Rumor spread online Wednesday that former Prime Minister Donald Tusk, now president of European Council, would be attending the ceremony.
“President Tusk will not attend the inauguration ceremony tomorrow as he was not invited by President-elect Duda,” his communications team told POLITICO in an unusually strong email. Tusk’s official schedule is empty that day.
Tusk’s party Civic Platform was swept away by an insurgent Duda in the May presidential election. This elevated Duda from his position as a mid-ranking member of the European Parliament to a seat at the table of Europe’s “Big Six” leaders.
Duda’s Law and Justice party has a deep Euroskeptic vein and his victory was greeted with shock in Brussels.

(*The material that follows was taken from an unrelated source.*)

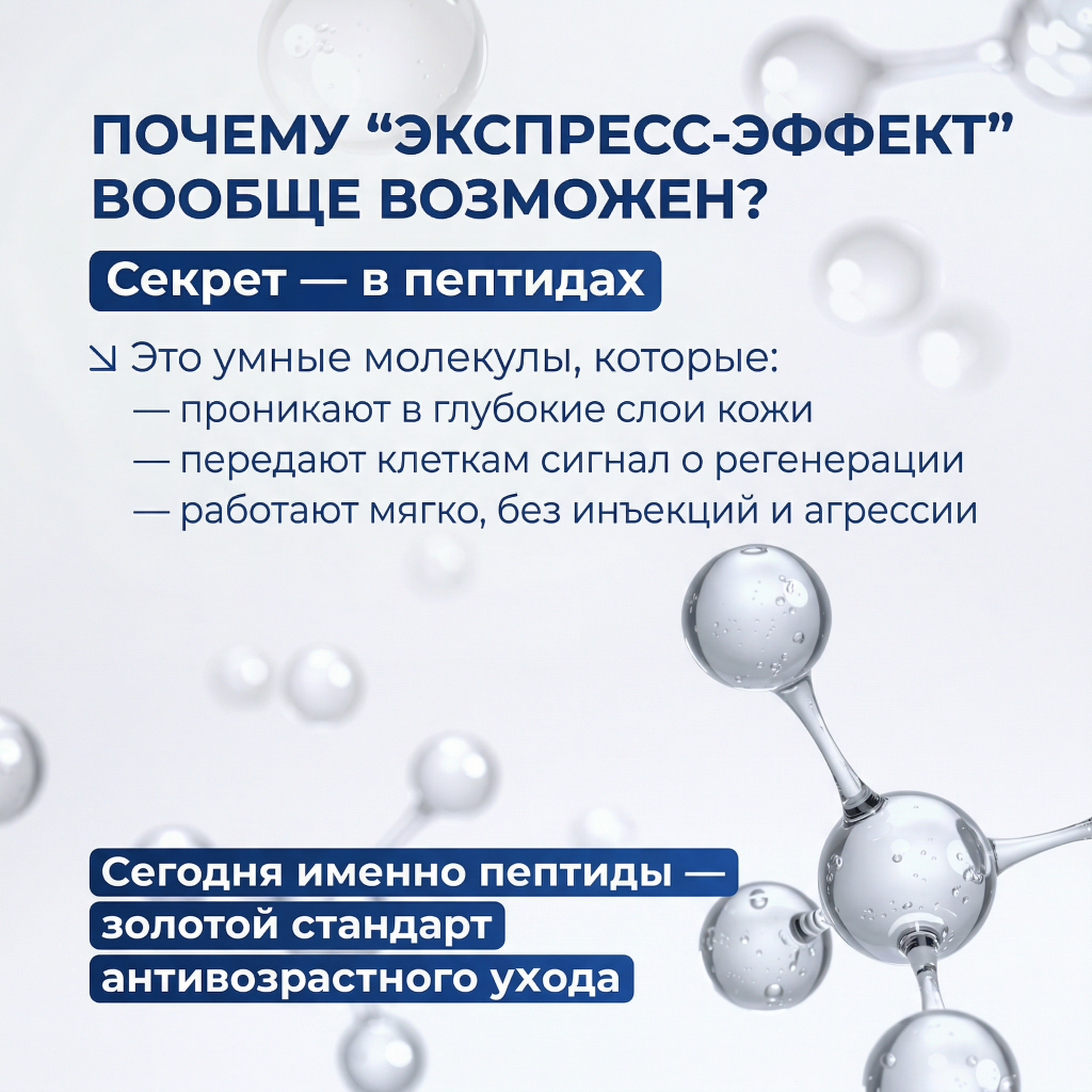 - Комплекс передовых пептидов оказывает эффект лифтинга и разглаживания морщин.

A spokesperson for Duda, Marcin Kędryna, declined POLITICO’s request for comment regarding Tusk’s involvement in the ceremony.

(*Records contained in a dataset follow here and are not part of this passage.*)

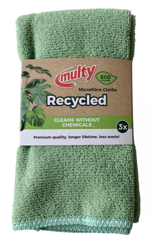 Microfiberklud, 100% genanvendt materiale - 3 stk. Kraftig microfiberklud til tør og våd rengøring. Måler 35 x 35 cm.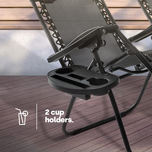 • CLIP ON SIDE TABLE - Slotting around the tubular legs of your gravity or camping chair, sun lounger or most styles of tubular furniture and providing a hands-free cup holder, MP3 or phone area and book or tablet notch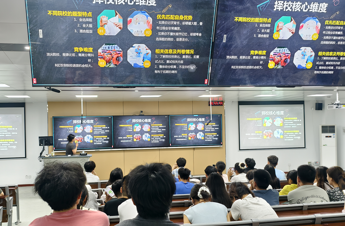 分享会上,五位主讲人结合自身上岸经历,围绕考研全流程展开深度解析。从备考和报名时间分布、如何利用碎片化时间学习、各科学习重难点分布、决战心态调节、择校技巧等方面进行深入剖析,现场氛围轻松愉悦,金句频出,幽默诙谐,以学生的视角探讨考研,为不同备考需求的同学提供了多元化解决方案。

Kędryna referred POLITICO to a Polish Press Agency article, which suggests Tusk was invited, but by the Chancellery of Polish Parliament — the Sejm — rather than Duda. It is claimed that the invitation was issued to Tusk as the former prime minister of Poland rather than president of the European Council.
Kędryna tweeted late Wednesday: “It’s surprising, close aide of high European authority has so limited knowledge of diplomatic protocol.”

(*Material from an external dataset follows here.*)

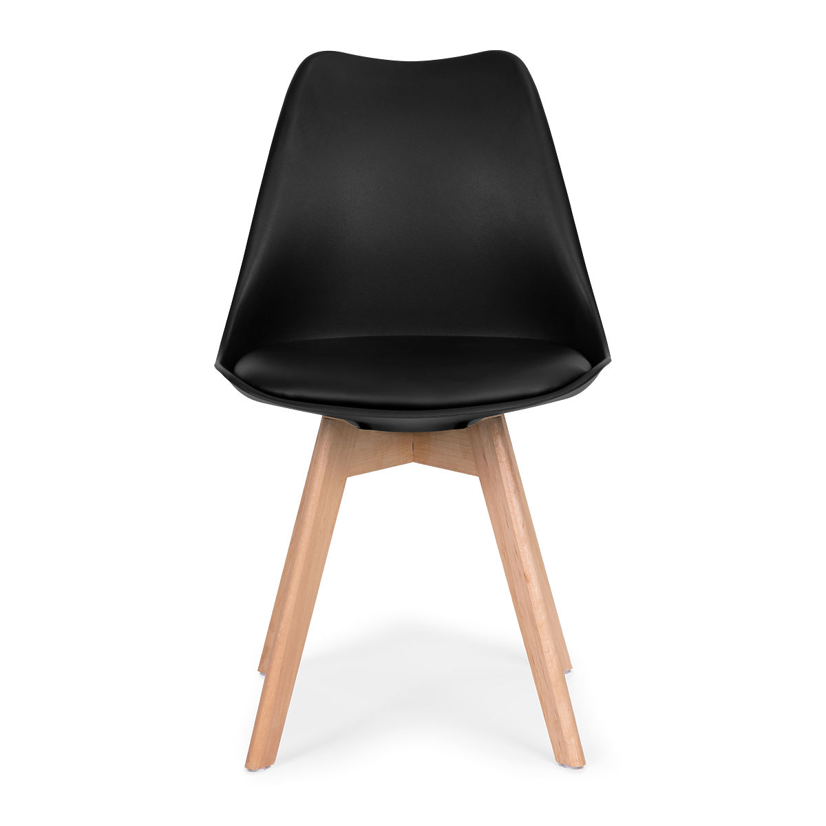 The combination of beech legs with an elegant eco-leather cushion gives the chair a modern yet cozy look.

Tusk’s absence is notable. Former Presidents Lech Walesa and Aleksander Kwasniewski and several former prime ministers are expected to attend.
Duda said Wednesday in an interview with the Polish Press Agency that he will place a heavy stamp on Polish politics from Day One. Duda says he will immediately move to reengineer international talks on Ukraine to increase Poland’s role and will push for NATO troops in Poland when he hosts the NATO summit in Warsaw next July.
Duda also confirmed he will speak on Poland’s behalf at the General Assembly of the United Nations in New York in September. Domestically he will push to lower the retirement age — bucking European trends — and increase the salary Poles can earn before paying income tax.
The swearing-in ceremony will be live streamed via the president’s You Tube channel.
Outgoing President Bronisław Komorowski delivered a farewell speech Wednesday in which he claimed credit for lifting Poland’s defense efforts and raising defense spending to 2 percent of gross domestic product.